Thank you for the reply. I have another question: I have trained several times and the results are not the same, even the seed is fixed. Has the author encountered this situation? First time: Validation - Epoch: 5/499; IoU_Results: {'challengIoU': 47.901, 'IoU': 47.901, 'mcIoU': 29.717, 'mIoU': 44.871, 'cIoU_per_class': [48.219, 19.663, 44.317, 59.19, 14.74, 19.386, 2.504]} Second time: Validation - Epoch: 5/499; IoU_Results: {'challengIoU': 44.407, 'IoU': 44.407, 'mcIoU': 27.575, 'mIoU': 43.86, 'cIoU_per_class': [41.774, 24.628, 39.165, 57.744, 20.577, 7.29, 1.846]} Third time: Validation - Epoch: 5/499; IoU_Results: {'challengIoU': 56.588, 'IoU': 56.588, 'mcIoU': 36.482, 'mIoU': 52.821, 'cIoU_per_class': [64.46, 30.028, 59.921, 58.788, 20.341, 19.155, 2.683]}

wenxi-yue commented 2 months ago

Hi,

This is also the case on our end.
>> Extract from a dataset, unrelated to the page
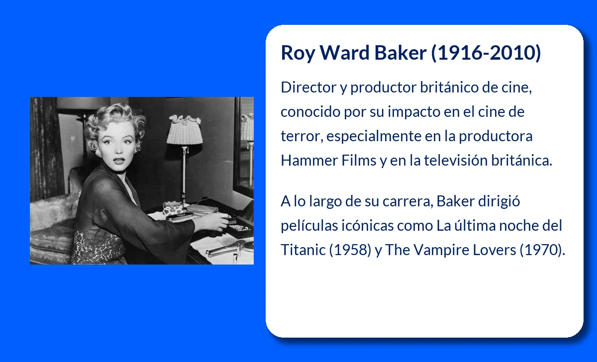 MCN Biografías, 2025. "Roy Ward Baker (1916-2010). El legado del director británico que definió el cine de terror de Hammer". Disponible en: https://mcnbiografias.com/app-bio/do/baker-roy-ward [consulta: 18 de octubre de 2025].
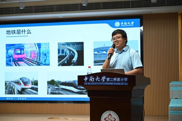 随后,李伟老师从“地铁是什么”、“地铁选线”、“地铁施工”和“中南铁路黑科技”四个方面,运用有趣的视频、生动的图片和直观的动画,向同学们系统普及了城市地下铁路建设的相关知识。首先李老师引导同学们识别并讨论了地铁、磁悬浮列车、轻轨等不同类型的轨道交通工具,深入浅出地讲解了地铁的定义、特点及其与城市发展的紧密联系。

We have fixed the seed and set deterministic to True, but it seems that there are still other factors that have lead to non-deterministic behavior in model training.

However, we tried different seeds and obtained reasonably stable results, as shown in Table 7 of our paper (arXiv version).